California’s Proposed Ethics Opinion on Lawyer Blogging Is Out

Last year, I wrote about the draft California ethics opinion on lawyer blogging – and my many issues with it. Although California is one of the best mandatory bars when it comes to issuing thoughtful, complete opinions that take into account the first amendment concerns that limit advertising regulation, this proposed opinion was too far-reaching.

Fortunately, the revised draft – which takes the form of “FORMAL OPINION INTERIM NO. 12-0006” – has addressed many of my concerns, including:

  • The fact that a stand-alone blog refers to the attorney-author by name, includes contact information, and links to the attorney’s website, does not render the blog attorney advertising.
  • A “call me” advertising message on a stand-alone blog will make the post in which it appears attorney advertising, but it does not so convert the entire blog.

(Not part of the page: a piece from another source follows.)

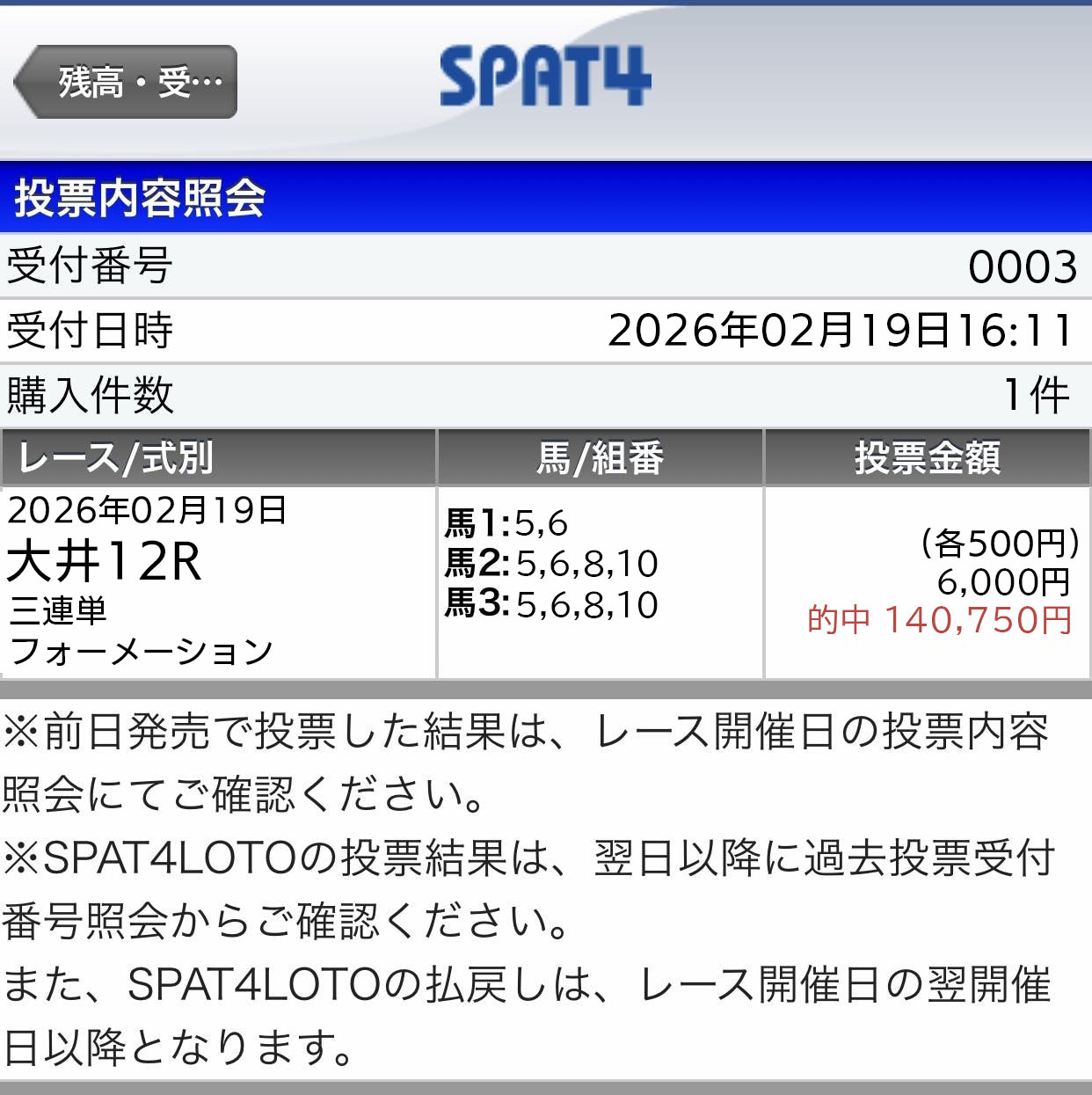 3連単にしては点数は多いけど、1点100円、点数60点、馬券代6千円で3連単4919.5倍当たるなら俺は全然ありだね、俺の師匠である競馬を教えてもらった友達に的中写メ自慢したら40万馬券なんて100点あっても足りない、絶対取れんって言ってた(笑) どんなに競馬歴が長くても使う予想サイトを間違えたら当たるものも当たらないよね、2026年、運命の競馬サイトと巡り合えました。

One thing the opinion continues to miss on, however, is its insistence that a lawyer’s blog on the same domain as the lawyer’s marketing website is attorney advertising.  As the opinion puts it:

As part of a larger communication (the professional website) which concerns the firm’s availability for professional employment, the blog will be subject to the same requirements and restrictions as the website.

I don’t believe this is right as a general rule; the case law on mixed-content speech would indicate the opposite result. A fact-specific inquiry would be needed to determine whether a given on-domain blog met the test for commercial speech.

That said, in my view legal blogs are more authoritative and have more opportunity to develop a “voice” when they live somewhere other than a staid old law firm website.[ref]Even if SEO gurus debate which is better from a search perspective.[/ref] If lawyers need an ethics-based excuse to move to that structure, so much the better.

2 thoughts on “California’s Proposed Ethics Opinion on Lawyer Blogging Is Out”

  1. Let me see if I get this right…having the blog integrated into the saulgoodmanlaw.com website makes it advertising, but moving it to saulgoodmanblog.com makes it not advertising. So even if both sites are written by the same person, hosted on the same server, share the same look and feel, and link between each other, the change in the host portion of the URL, which most people don’t look at very closely, makes all the difference?